Adipogenesis is the fat cell formation process regulated by peroxisome proliferator-activated receptors (PPARγ). The insulin-responsive glucose transporter 4 (GLUT4) has a major role in glucose uptake and metabolism in insulin target tissues (i.e.,adipose and muscle cells). The interplay between PPARγ and GLUT4 is essential for proper glucose homeostasis. This study aimed to isolate, elucidate, and investigate the effect of an isolated compound from Penicillium citrinum XT6 on adipogenesis, PPARγ, and GLUT4 expression in 3T3-L1 adipocytes.

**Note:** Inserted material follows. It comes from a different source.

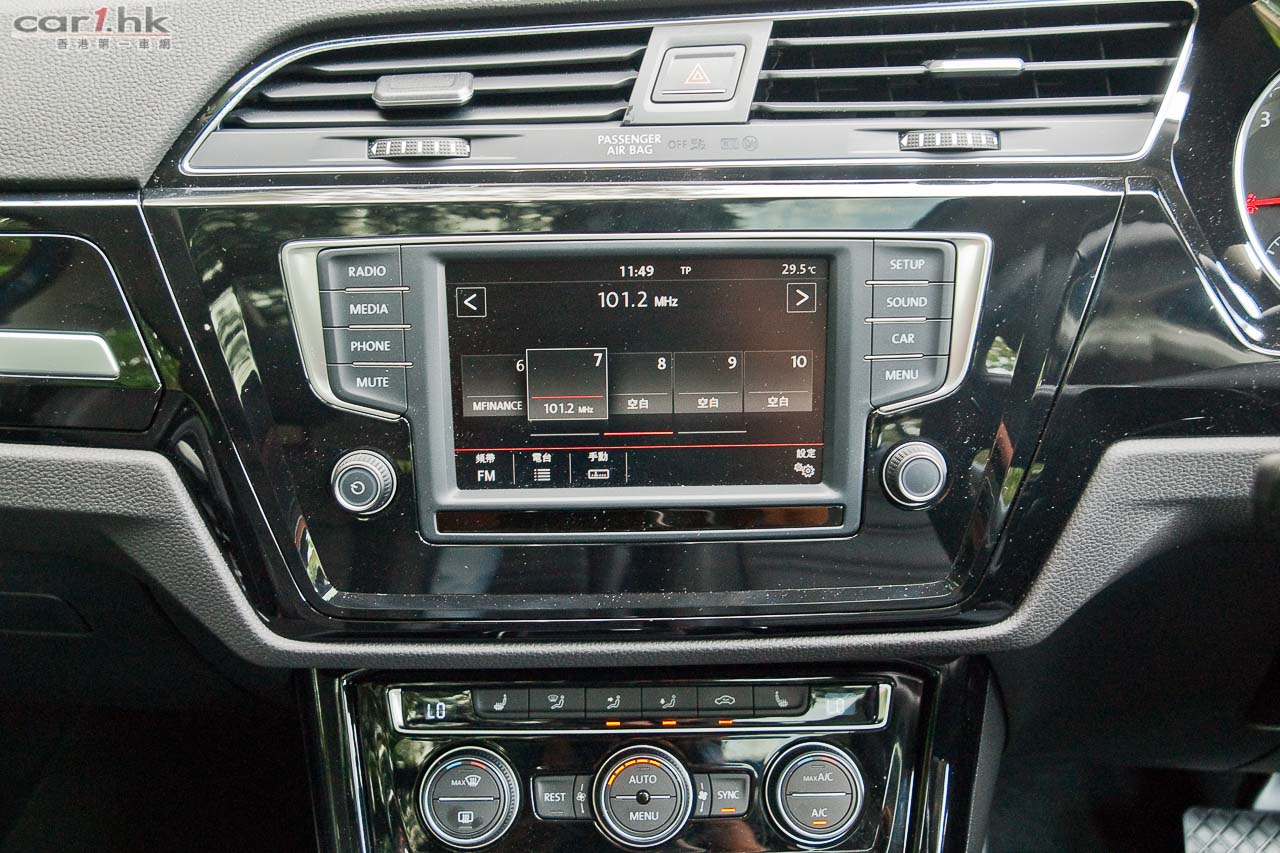 新錶板設計與新 Golf 相似,用料比齋黑膠的舊款豐富得多;位於 625mm 高的坐點,Touran 保持那稍高 Wagon 式的坐姿。

The isolated compound was determined by analyzing spectroscopic data (LC-MS, FT-IR, Spectrophotometry UV-Vis, and NMR). The adipogenesis activity of the isolated compound in 3T3-L1 cells was determined by the Oil Red O staining method. RT-PCR was used to analyze the gene expression of PPARγ and GLUT4. Di-(2-ethylhexyl)-phthalate (DEHP) was the isolated compound from P.citrinum XT6. The results revealed adipogenesis stimulation and inhibition, as well as PPARγ and GLUT4 expressions. DEHP showed a non-monotonic dose-response (NMDR) effect on adipogenesis and PPARγ and GLUT4 expression. It is the first study that reveals DEHP's NMDR effects on lipid and glucose metabolism in adipocytes.